[Task input — start]

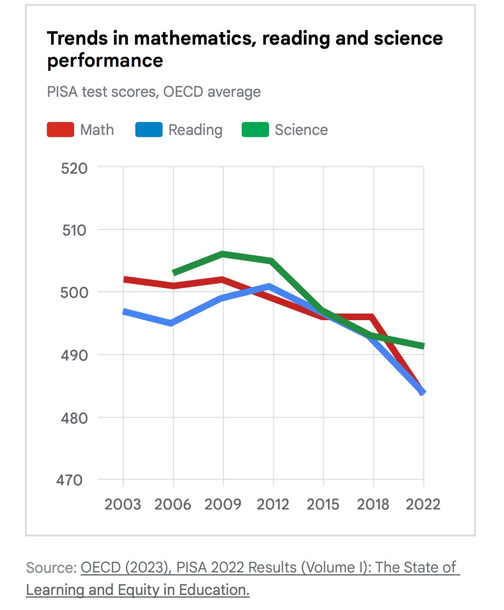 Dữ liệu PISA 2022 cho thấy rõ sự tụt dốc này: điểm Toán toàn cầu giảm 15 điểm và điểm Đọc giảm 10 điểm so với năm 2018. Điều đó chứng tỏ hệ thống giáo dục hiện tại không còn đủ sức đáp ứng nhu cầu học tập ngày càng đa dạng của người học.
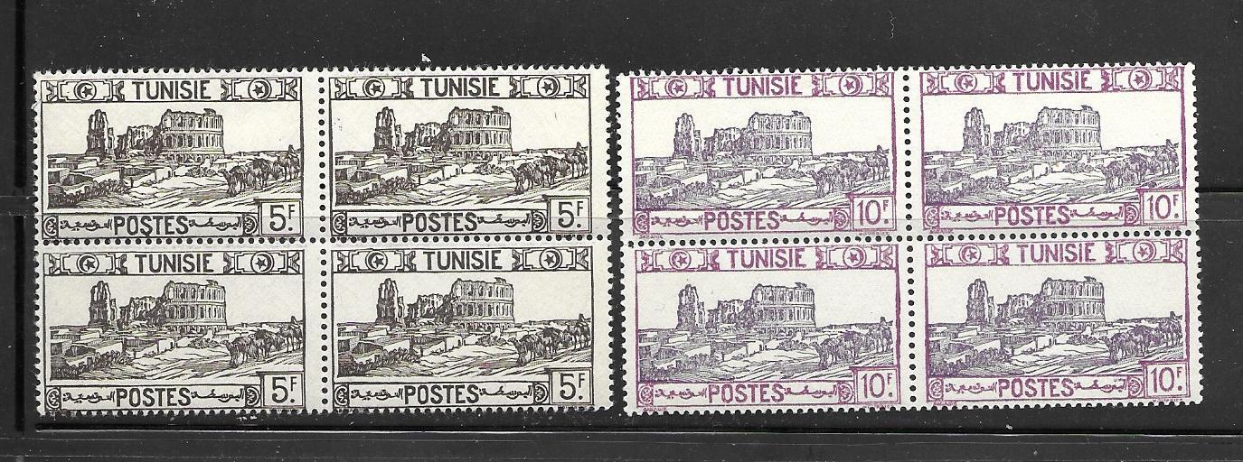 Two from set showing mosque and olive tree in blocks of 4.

[Task input — finish]
[Task input — start]

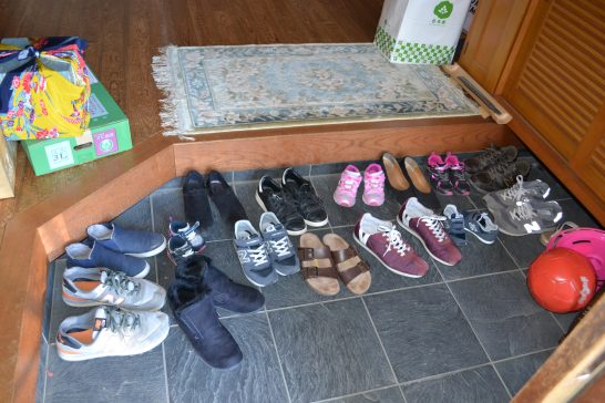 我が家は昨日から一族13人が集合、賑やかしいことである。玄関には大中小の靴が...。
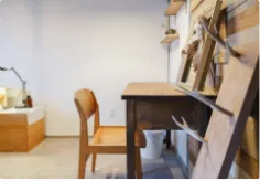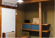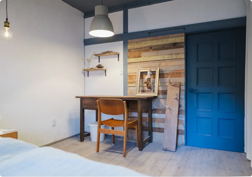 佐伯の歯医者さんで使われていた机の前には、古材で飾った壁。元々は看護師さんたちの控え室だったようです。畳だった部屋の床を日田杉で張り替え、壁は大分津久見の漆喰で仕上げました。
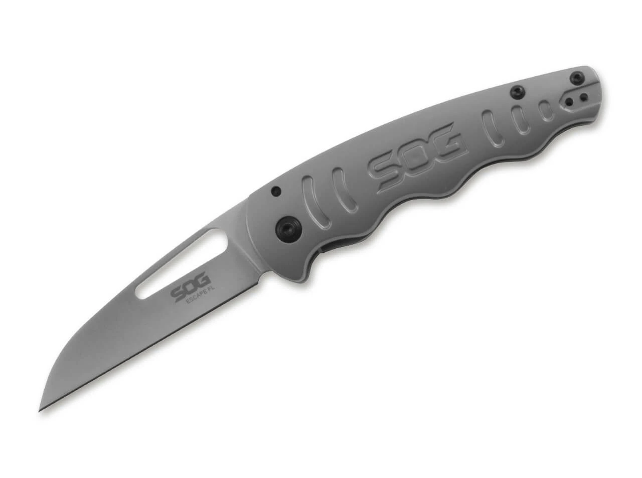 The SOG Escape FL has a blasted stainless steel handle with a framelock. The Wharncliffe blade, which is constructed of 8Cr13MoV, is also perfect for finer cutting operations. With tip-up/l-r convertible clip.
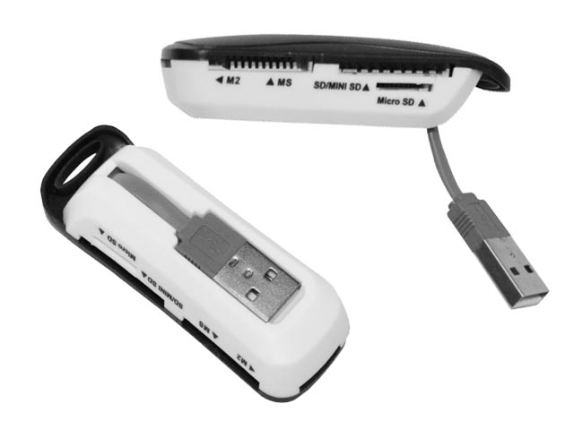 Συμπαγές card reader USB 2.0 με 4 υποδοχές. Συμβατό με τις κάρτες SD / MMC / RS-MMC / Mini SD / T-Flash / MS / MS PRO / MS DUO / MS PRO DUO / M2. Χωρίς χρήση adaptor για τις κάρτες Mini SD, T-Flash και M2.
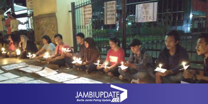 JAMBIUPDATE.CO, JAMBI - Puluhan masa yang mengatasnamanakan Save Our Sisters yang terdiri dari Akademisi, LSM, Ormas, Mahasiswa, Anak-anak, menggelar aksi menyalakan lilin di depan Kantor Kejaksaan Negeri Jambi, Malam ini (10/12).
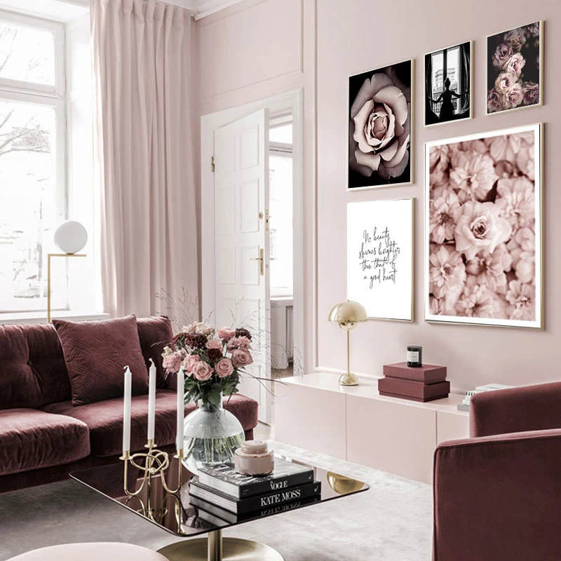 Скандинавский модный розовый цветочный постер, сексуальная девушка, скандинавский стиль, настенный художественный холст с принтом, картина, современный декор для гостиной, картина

[Task input — finish]

Exercise prompt:
Up in the listing, locate the line with "Dữ liệu PISA"; print it and every line after it down to the line with "Two from set", which is included too. Skip the pictures.

The answer:
 Dữ liệu PISA 2022 cho thấy rõ sự tụt dốc này: điểm Toán toàn cầu giảm 15 điểm và điểm Đọc giảm 10 điểm so với năm 2018. Điều đó chứng tỏ hệ thống giáo dục hiện tại không còn đủ sức đáp ứng nhu cầu học tập ngày càng đa dạng của người học.
 Two from set showing mosque and olive tree in blocks of 4.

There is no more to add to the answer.